I have a 7 year old daughter who is left handed. She is currently on the copybook reader book 2. Her handwriting is quite neat, but I’ve noticed that she writes mostly bottom to top and right to left. I will try to catch her and correct her but it doesn’t seem to stick and become natural to her. Will this matter in the long run, since her handwriting is so neat and clear? She really wants to start learning cursive when she gets through the copybook readers, but I’m not sure I should move forward with that until she gets the directions down? I considered taking a step back to something that still has the arrows and she would trace but I’m nervous that would become very boring for her. She is a very good reader, and her letters never come out backward. Any advice?
I’ll weigh in on this, though I might be a non-CMish voice in this matter. I am a left-handed adult, whose writing was barely readable until I was an older teenager. This was not for lack of trying; I was and am a voracious longhand writer. Even when I was in elementary school, if given an assignment to write a paragraph about something, I would write pages. I suspect my teachers both dreaded and welcomed it; my creativity was boundless, my penmanship….yeah. (And this was in the days before assignments were typed as they are now, even when I was in high school) I don’t blame any teaching method. I don’t know why my writing was so poor or why it improved to the state it’s in now, which is readable and even semi-attractive.

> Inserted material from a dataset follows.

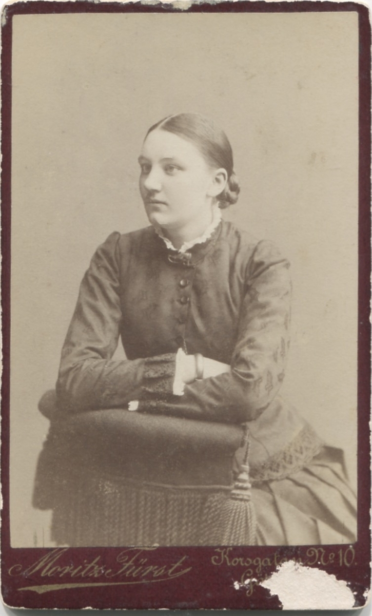 Ateljéporträtt av Mathilda Bengtsson (1866 - 1945) från Stora Kullbäckstorp i Råda. Var småskollärarinna i Kållered 1883-1898 och bodde i skolhuset. Hon hade skäktingar på Bölet i Kållered.

But I will say that what you’re describing with your daughter’s writing habits was and is me to a T, and this characterizes my left-handed friends, too. The page looks different when you’re using your left hand, and the strokes just feel better when reversed. The left-handed brain works differently than the right-handed one, I know it’s not the “right and proper” way to write and I was probably corrected repeatedly. Someone who has more knowledge and experience teaching writing will hopefully chime in here. But if it were me, given all else you describe, I wouldn’t make it a hill to die on.
Thank you for chiming in! It is helpful to hear from an adult to is left handed. I’ve had thoughts that maybe it just feels better to her or maybe this is typical for lefties but wasn’t sure, and if it’s not hurting anything, I don’t want it to be a battle!
Do you mean right-to-left as in “love” becomes “evol” or, for example, she starts a capital A from the bottom right, goes up, then back down toward the left, instead of starting on the left?
If it’s the latter, my leftie does that. It used to drive me crazy, but then I realized, he’s doing what I do as a righty–starting further away and drawing the pencil toward the writing hand.